Skip forward to the end: in a theoretical section made of a material with perfect plasticity (no hardening, infinite strain capacity) at the plastic moment, there is a plastic hinge. Once you've reached the fully plastic moment, any increment of moment will result in infinite rotation of that hinge.

Obviously real beams made of real material don't exhibit infinite rotation in a hinge.

In most real sections formed of real plastic material (like steel) there are other mechanisms at play, and often you can't actually get the whole section plastic. With respect to classification of sections, the most significant other effect is local buckling. Some part of the section reaches a limiting compressive force and buckles, so limiting the compressive force that element can carry, thus limiting the moment the section can carry.

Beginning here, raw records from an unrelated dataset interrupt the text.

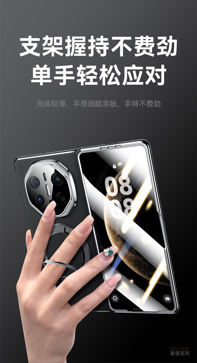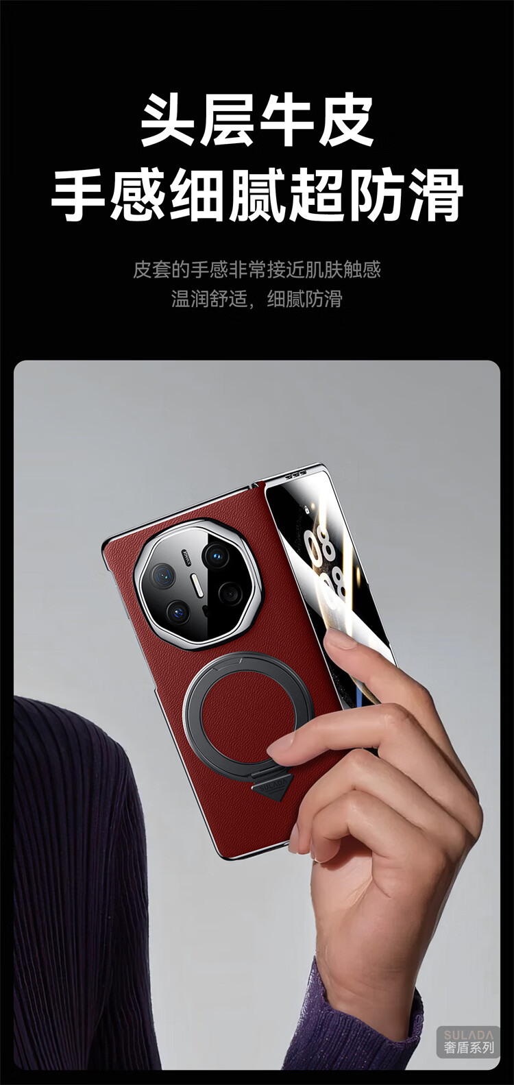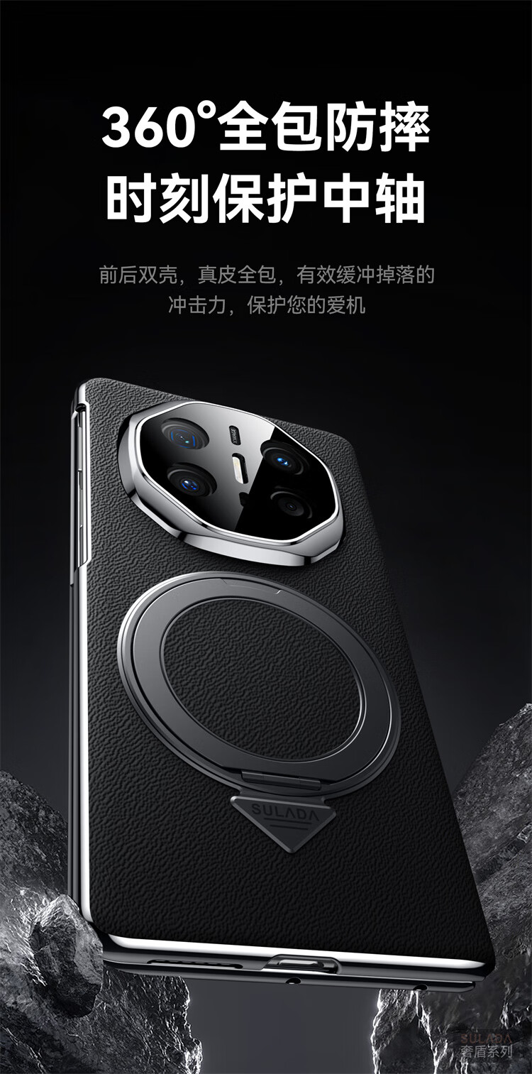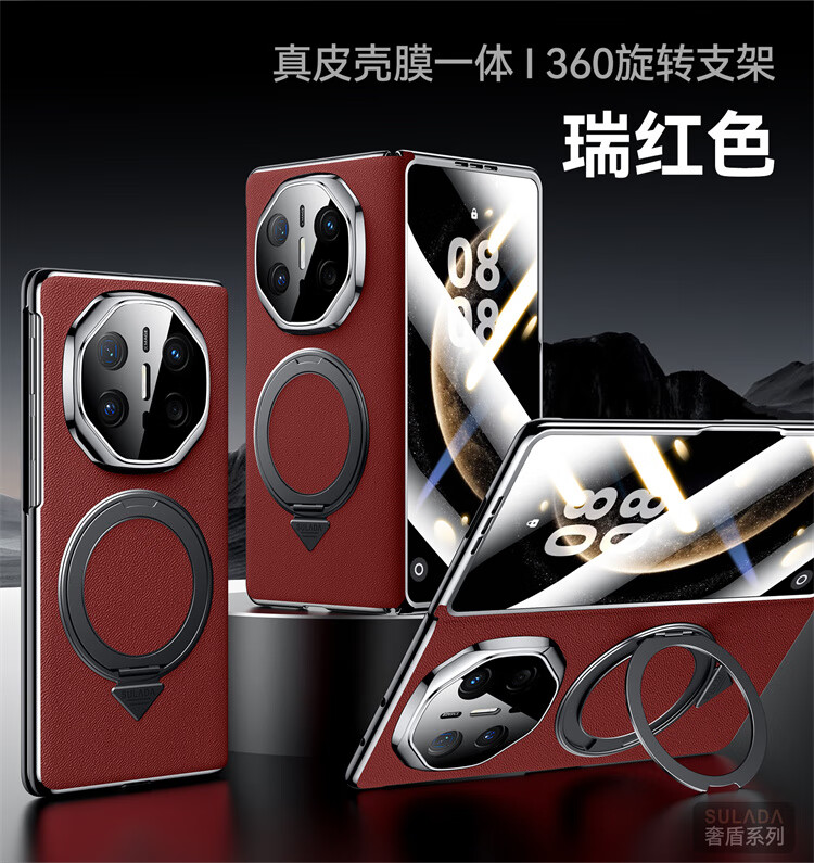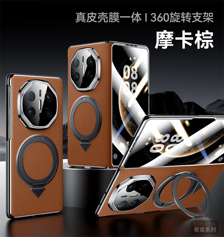 苏拉达适用华为MateX6/MateX5手机壳真皮壳膜一体旋转支架全包磁吸防摔 【摩卡棕】奢盾系列/壳膜一体 华为 MateX3 典藏版
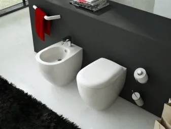 Унитазы с биде имеют свои особенности, отличающие их от обычных моделей. Обычно они обладают более вытянутыми формами, так как на их ободе установлены промывочные форсунки. Бачок таких унитазов также может быть увеличенного объема. Чаша унитаза типа биде, как правило, имеет длину 700 мм и ширину 410 мм. Настенная конструкция отличается размерами 485×365 мм.
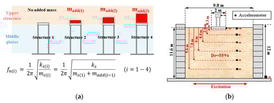 Model structures and tested soil–structure system: (a) Model structures for impact hammer tests, and (b) tested soil–structure system.

So you get a sort of hinge type behaviour in the section (no greater moment can be carried) without plasticity across every part of the section.

Furthermore, you can get a behaviour where the full plastic moment is generated, but as rotation occurs then an element buckles (rather than squashes). As the hinge rotates, the moment the section carries drops dramatically (just like a classic strut buckling - once it has buckled the axial load drops compared to the load that caused it to buckle). In this case you don't get a long flat plateau on your moment/rotation curve, you get a buckling type behaviour and the moment plummets past the peak.

Thus, you get the classes of section described, illustrated in your reference at figure 4.

A slender section doesn't even get to first yield - you get a local buckling (typically of the flanges) before the section even gets to yield. When the flanges buckle they can't take any more compressive force, so you get a hinge-ish behaviour, there's a localised rotation.

A semi-compact section can carry enough moment that some part of it has started to yield before the flanges buckle, but then they do buckle before you get to the whole cross-section at yield stress.

Compact and plastic sections both achieve the full plastic moment, and differ in the post-yield behaviour. If you had a square or circular solid cross section with nothing to buckle you can generate the plastic hinge and then just keep bending it, getting vey high concentrated rotations (i.e. hinge-like) without any reduction in the moment carried. However, quite a few sections that can generate the full plastic moment can't actually sustain that moment with significant rotation - when they start rotating the outstands actually buckle. Then the moment carried drops dramatically. So you can achieve the plastic moment, but you don't achieve an actual plastic hinge.

Note that the current UK (and Europe) codes - EC3 (aka EN1993) has classes 1 to 4. Class 1 can form a plastic hinge, class 2 can generate the plastic moment but not a hinge - local buckling prevents the hinge, class 3 gets to yield moment but cannot get to plastic moment, and class 4 doesn't even get to yield stress at any point in the section before some part of it buckles - i.e. the same classification, just different labels.

Possibly (arguably) figure 4 could be thought of as rotation per unit length (i.e. some function of curvature), but these behaviours occur over a finite length of beam (a buckle, for example, needs some length). To be rigorous, the graph is probably the rotation (i.e. change in angle) of an elemental but finite length of beam with a constant moment along the whole length of that element, thus giving rise to a finite rotation across the element. It's not curvature, because that breaks down at a plastic hinge.

Mathematically, the graph (and discussion) is probably conflating (and muddling) delta-theta/delta-position with d-theta/d-position (something that engineers are somewhat prone to do, causing mathematicians to shake their heads and tut).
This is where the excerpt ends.